Print the data exactly as written, but leave out each picture.
*** Opening of Data section ***
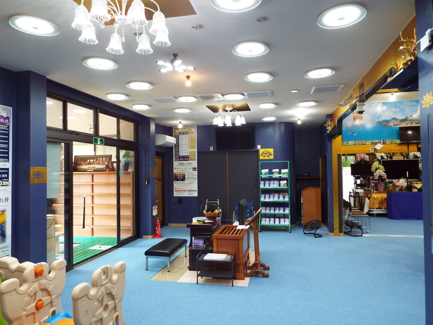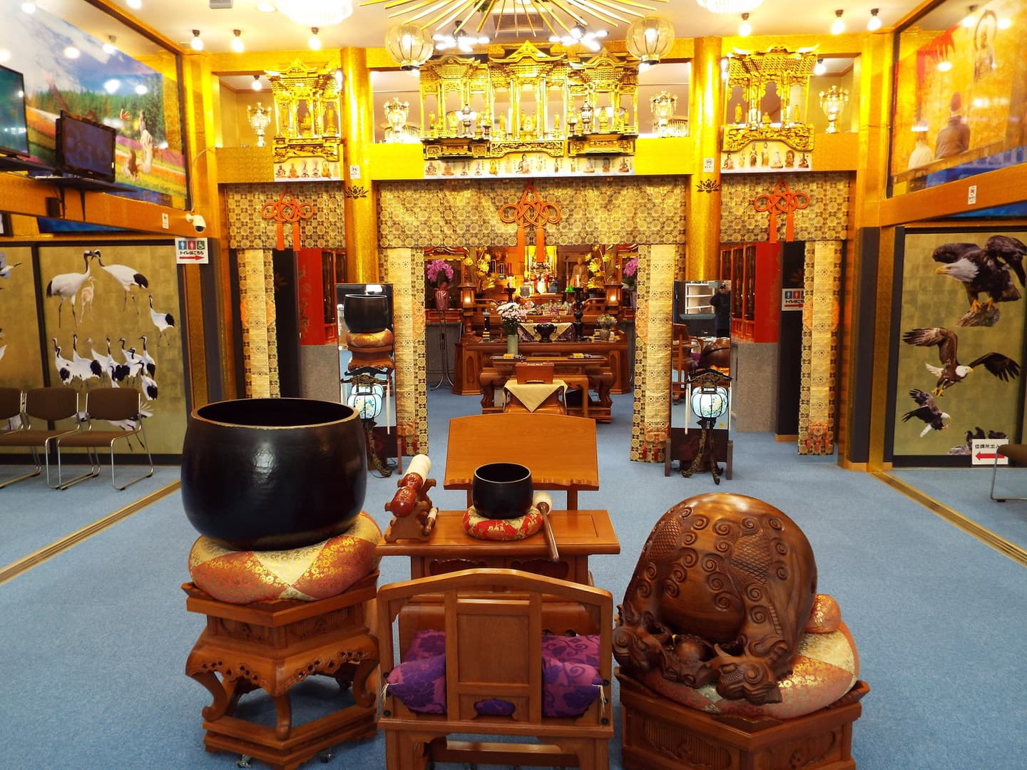 妙鏡院は段差がないバリアフリー設計の本堂で天井にはシャンデリア電気・他のLED電気で明るく照らし、世界遺産の城や国宝となっているお寺のように金屛風の襖に動物の写真を貼って参拝される方々から好評を得られています。また、生花の胡蝶蘭そっくりな造花を本堂に飾っていますので故人様を敬いご遺族に寄り添い、充実したサポートで心のこもったご供養ができると信じています。
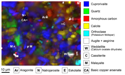 - ^ Petra Dariz; Thomas Schmid (2022). "Raman focal point on Roman Egyptian blue elucidates disordered cuprorivaite, green glass phase and trace compounds". Scientific Reports. 12 (15596): 15596. Bibcode:2022NatSR..1215596D. doi:10.1038/s41598-022-19923-w. ISSN 2045-2322. PMC 9481618. PMID 36114229.
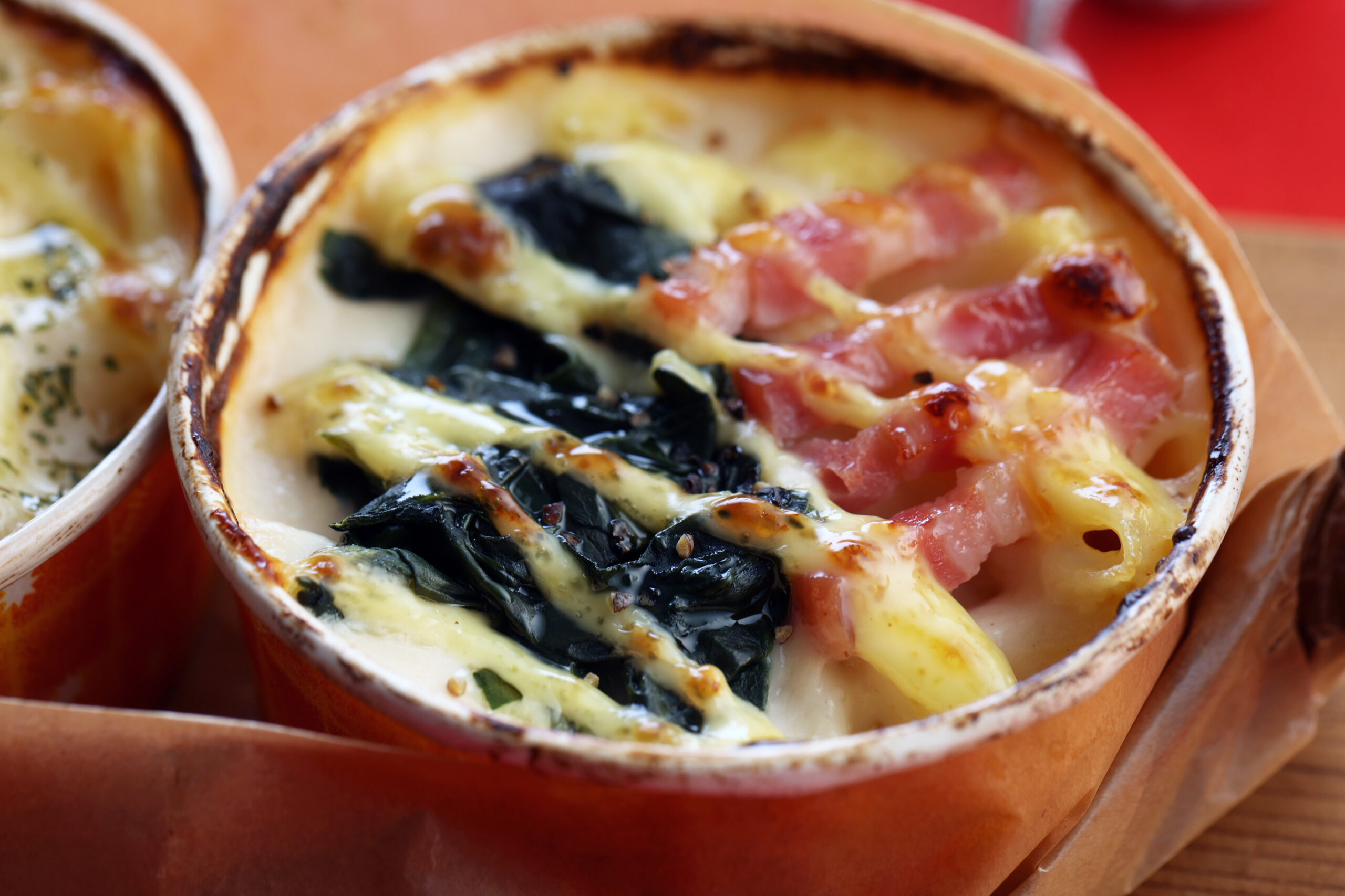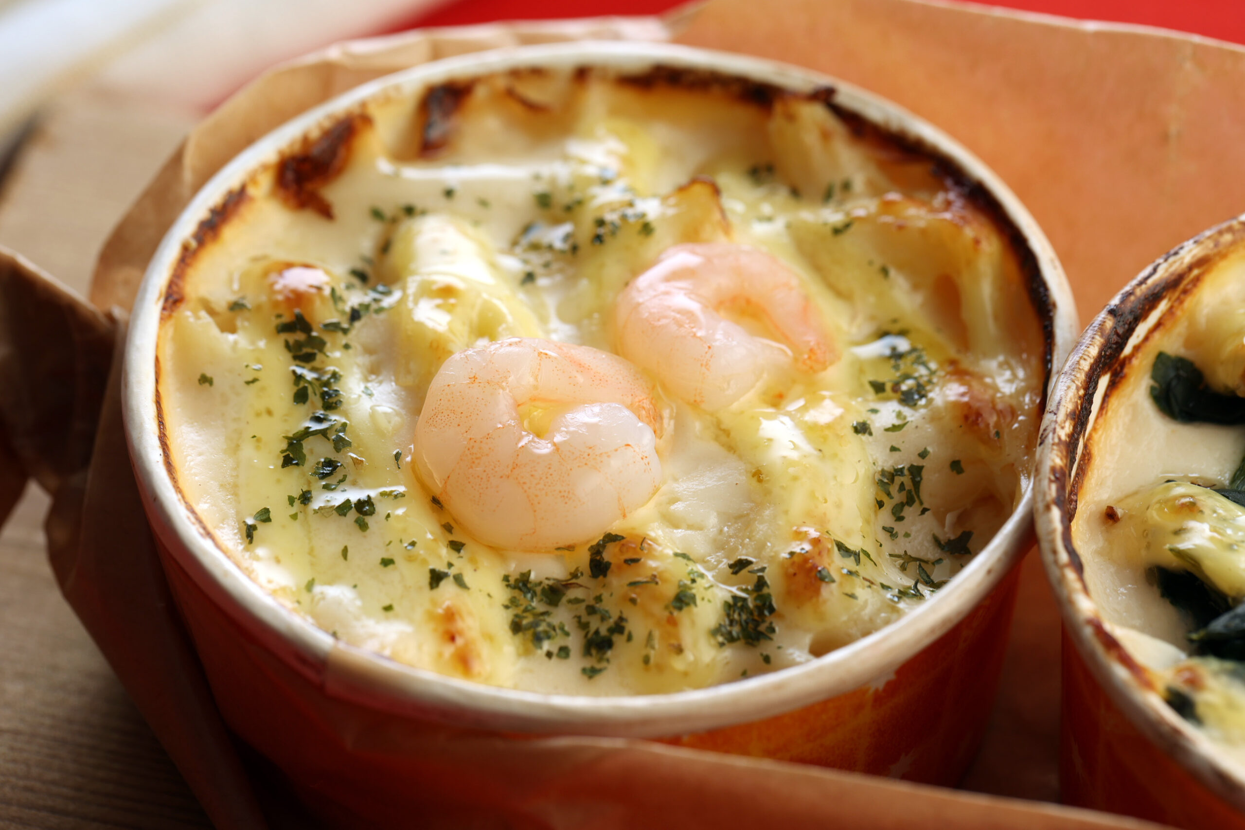コクのある濃厚なホワイトソースにチーズソースを乗せて焼き上げたグラタン。
*** Close of Data section ***
Exercise solution
 妙鏡院は段差がないバリアフリー設計の本堂で天井にはシャンデリア電気・他のLED電気で明るく照らし、世界遺産の城や国宝となっているお寺のように金屛風の襖に動物の写真を貼って参拝される方々から好評を得られています。また、生花の胡蝶蘭そっくりな造花を本堂に飾っていますので故人様を敬いご遺族に寄り添い、充実したサポートで心のこもったご供養ができると信じています。
 - ^ Petra Dariz; Thomas Schmid (2022). "Raman focal point on Roman Egyptian blue elucidates disordered cuprorivaite, green glass phase and trace compounds". Scientific Reports. 12 (15596): 15596. Bibcode:2022NatSR..1215596D. doi:10.1038/s41598-022-19923-w. ISSN 2045-2322. PMC 9481618. PMID 36114229.
コクのある濃厚なホワイトソースにチーズソースを乗せて焼き上げたグラタン。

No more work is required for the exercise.